L’uso di dosi elevate di bifosfonati di prima generazione, come etidronato (Bounameaux et al., 1983) o di aminobifosfonati come zoledronato (Chang et al., 2003), può essere associato ad insufficienza renale acuta. Due studi clinici di lunga durata, condotti su pazienti con cancro e ad elevato rischio di metastasi ossee, hanno rilevato la comparsa di un effetto tossico sul rene in corso di terapia con zoledronato, somministrato alla dose di 8 mg ogni tre settimane. Successivamente, la dose di farmaco impiegata nella terapia è stata ridotta a 4 mg, con conseguente aumento della tollerabilità renale. (Saad et al., 2002; Rosen et al., 2004) L’ibandronato presenta, invece, una minore tossicità renale e un profilo di sicurezza che accosta i risultati ottenuti dalla terapia a base di questo bifosfonato con quelli ottenuti dalla somministrazione del placebo in pazienti con metastasi ossee (Lyubimova et al., 2003). Un possibile evento avverso associato all’assunzione cronica di bifosfonati è l’osteonecrosi della mandibola (incidenza da 0,8 al 12%), complicanza che verrà ampiamente discussa più avanti in questa tesi. (Ruggiero et al. 2004; Migliorati et al., 2005)

Prima di iniziare il trattamento con bifosfonati in pazienti con fattori di rischio concomitanti (cancro, chemioterapia, radioterapia, corticosteroidi, scarsa igiene orale) deve essere presa in considerazione la necessità di un esame odontoiatrico completo, seguito dall’attuazione di appropriate procedure dentistiche preventive.

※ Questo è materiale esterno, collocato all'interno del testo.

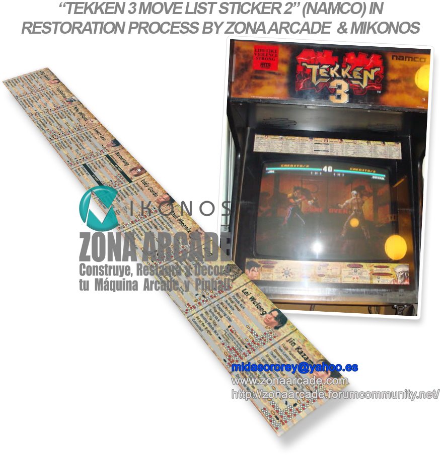 TEKKEN 3 MOVE LIST STICKER 2 FOR BEZEL” (NAMCO) eng. ver. arcade artwork for to restore in Zona Arcade
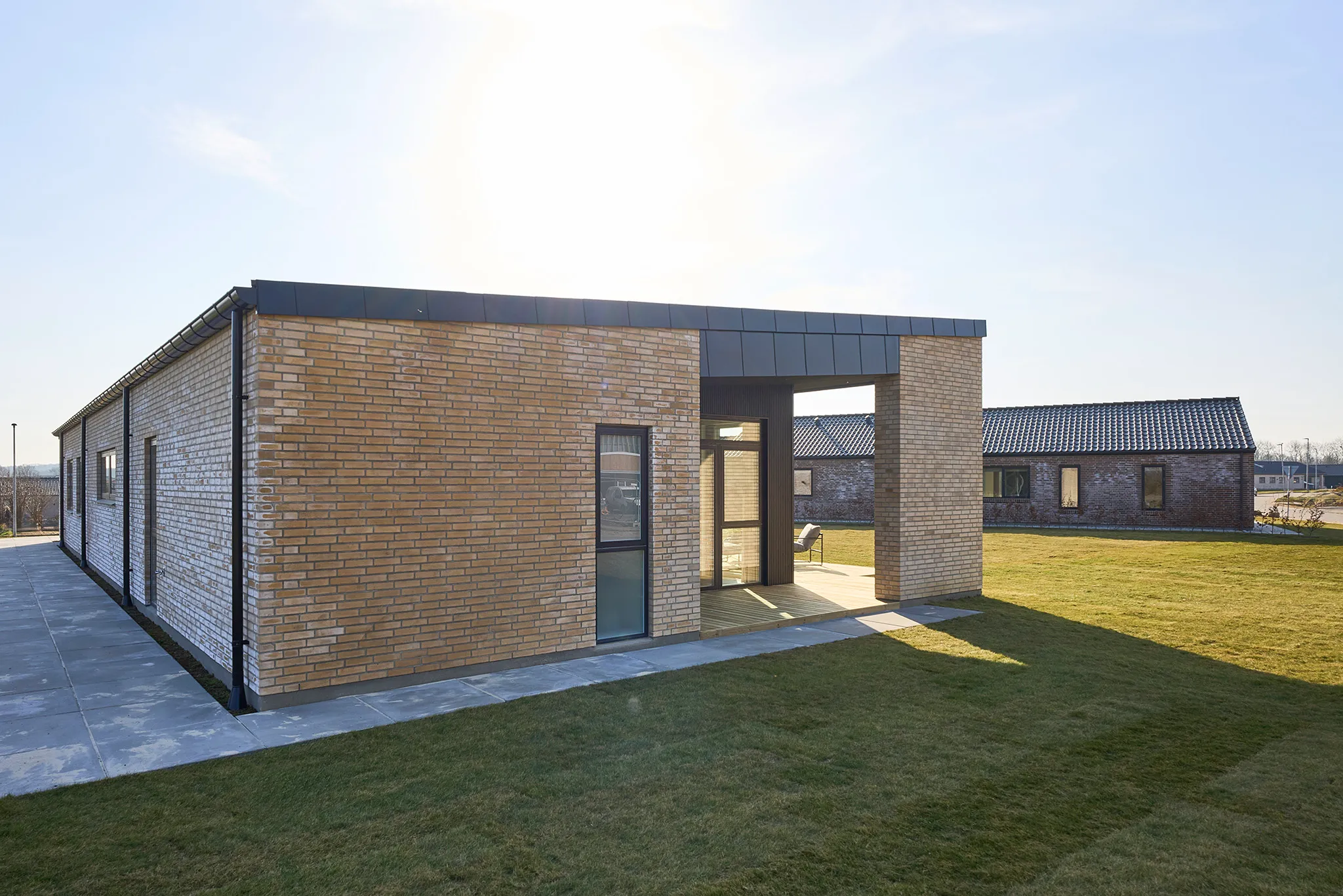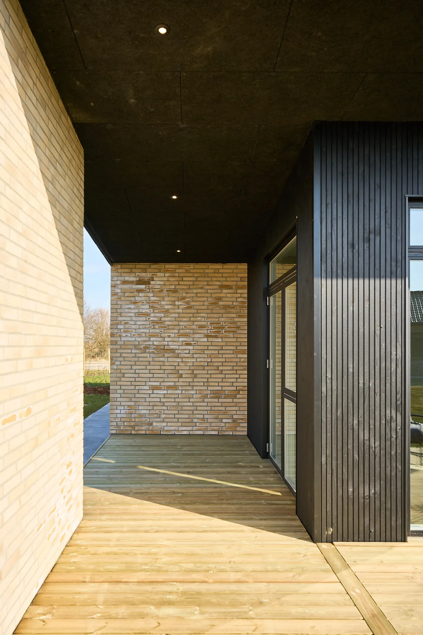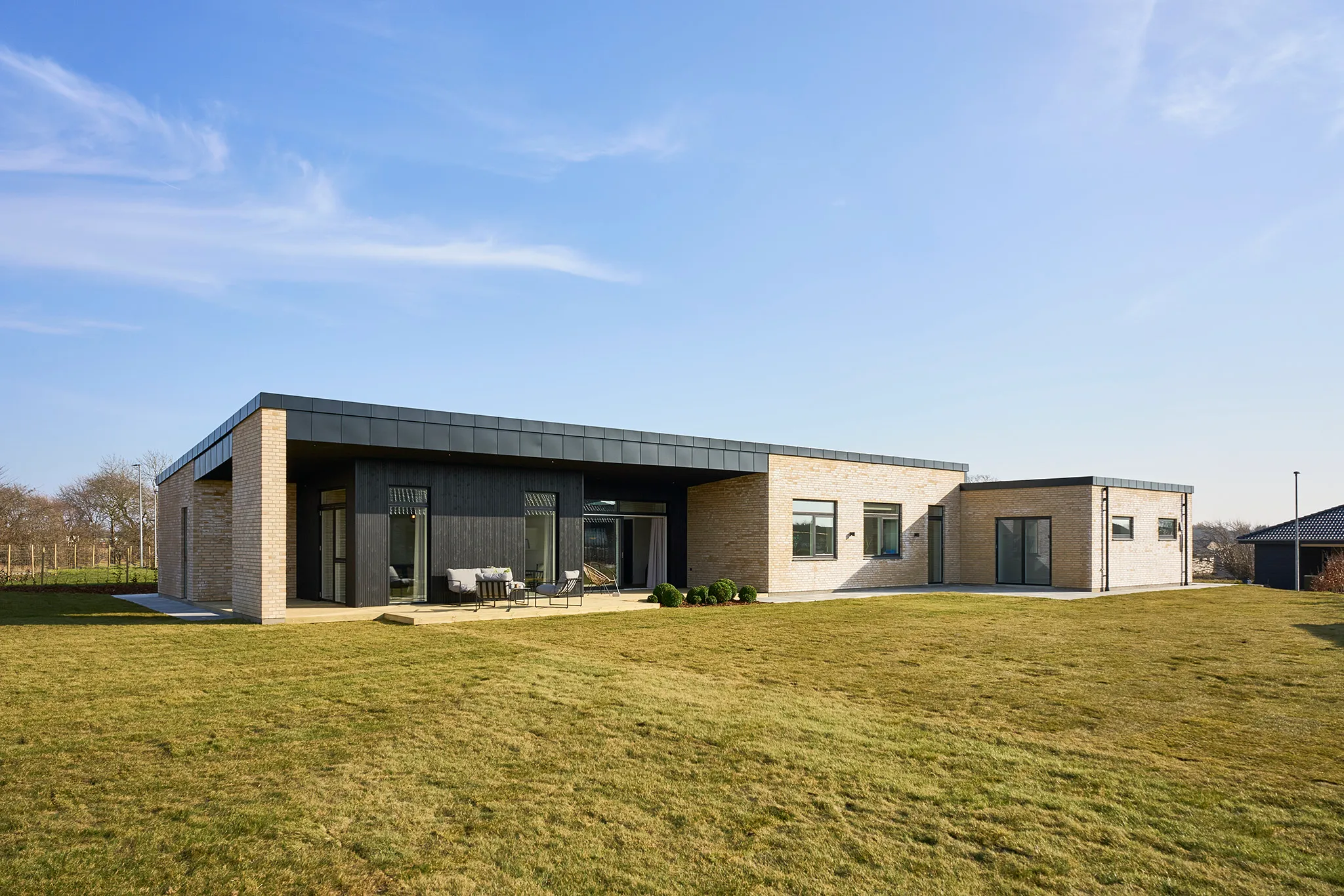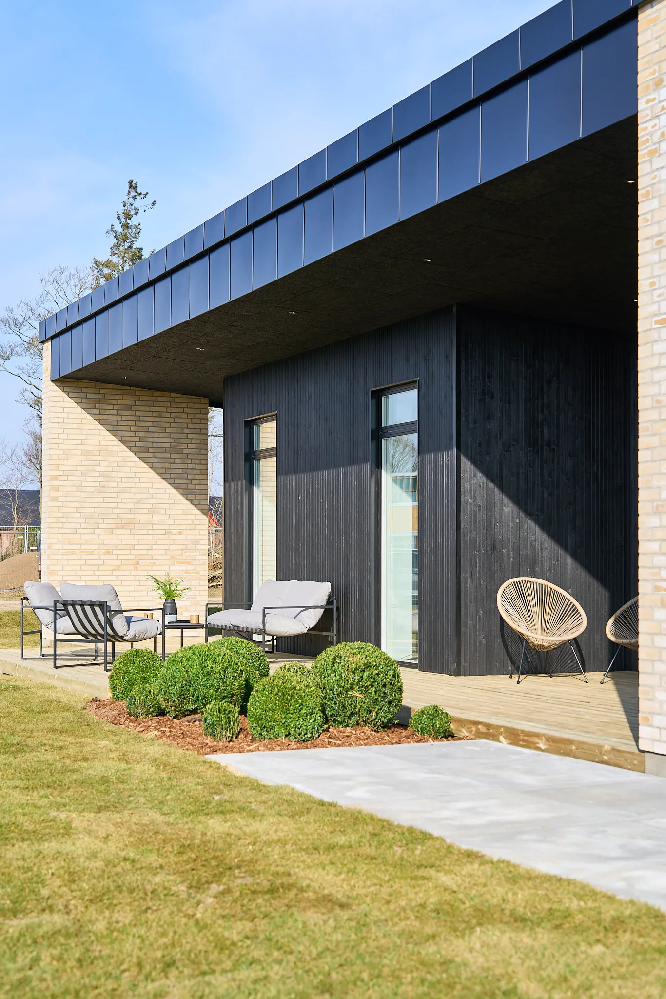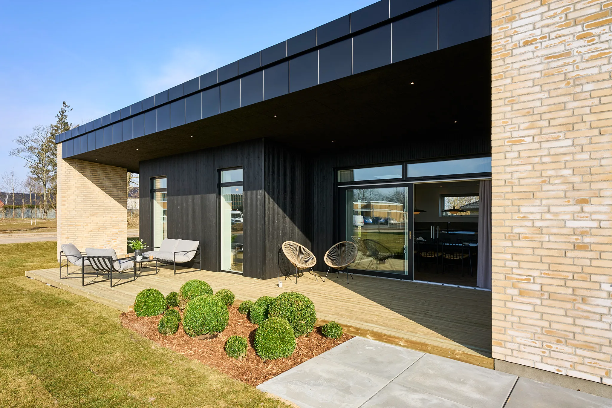 Elegant forskudt hus med træbeklædning og wellness-følelse

Per questa classe di farmaci sono state descritte, seppur raramente, reazioni avverse oculari, anche gravi. Inizialmente si riteneva che questi effetti avversi fossero imputabili solo agli amino-bifosfonati come alendronato, pamidronato e risedronato. Tuttavia sono stati descritti anche con clodronato, etidronato, zoledronato e tiludronato. (Bisphosphonates and ocular inflammation. 2004). Il rischio sembra più elevato in caso

di somministrazione endovenosa (pamidronato, zoledronato). Gli effetti avversi oculari comprendono congiuntiviti, uveiti, iriti, scleriti/episcleriti, emorragie, neurite ottica, difetti del campo visivo, scotoma, glaucoma, cecità e degenerazione maculare, con un periodo di comparsa molto variabile: generalmente questi eventi avversi compaiono entro 3 settimane dopo l’inizio della terapia ma, in alcuni casi, si sono manifestati anche più precocemente (entro 2 giorni) mentre in altri dopo molto tempo (3 anni o più di trattamento). (Bisphosphonates and ocular disorders, 2003; Mbekeani, 1999)

A volte (es. sclerite) la risoluzione della patologia infiammatoria richiede la sospensione del trattamento, mentre le forme infiammatorie meno gravi tendono a risolversi spontaneamente, pur proseguendo l’assunzione del farmaco. (Bisphosphonates, 33rd edition)

In caso di uso dei bifosfonati per via endovenosa si possono verificare effetti avversi in meno del 2% dei casi: infiammazione sistemica (spesso autolimitante) simil-influenzale (febbre, mialgia, artralgia, dolore scheletrico), insufficienza renale, sindrome nefrotica (dovute spesso ad un’infusione troppo rapida), alterazioni elettrolitiche (soprattutto ipocalcemia).

I bifosfonati sono controindicati in corso di gravidanza ed allattamento, anomalie esofagee o dello svuotamento gastrico, insufficienza renale, presenza di ipocalcemia. L’assunzione di antiacidi, di sali di calcio o di ferro in concomitanza con l’assunzione di bifosfonati può limitarne l’assorbimento.

L’associazione con gli antibiotici aminoglicosidici può aumentare il rischio di ipocalcemia e di nefrotossicità. L’uso di indometacina può aumentare la biodisponibilità dell’acido tiludronico.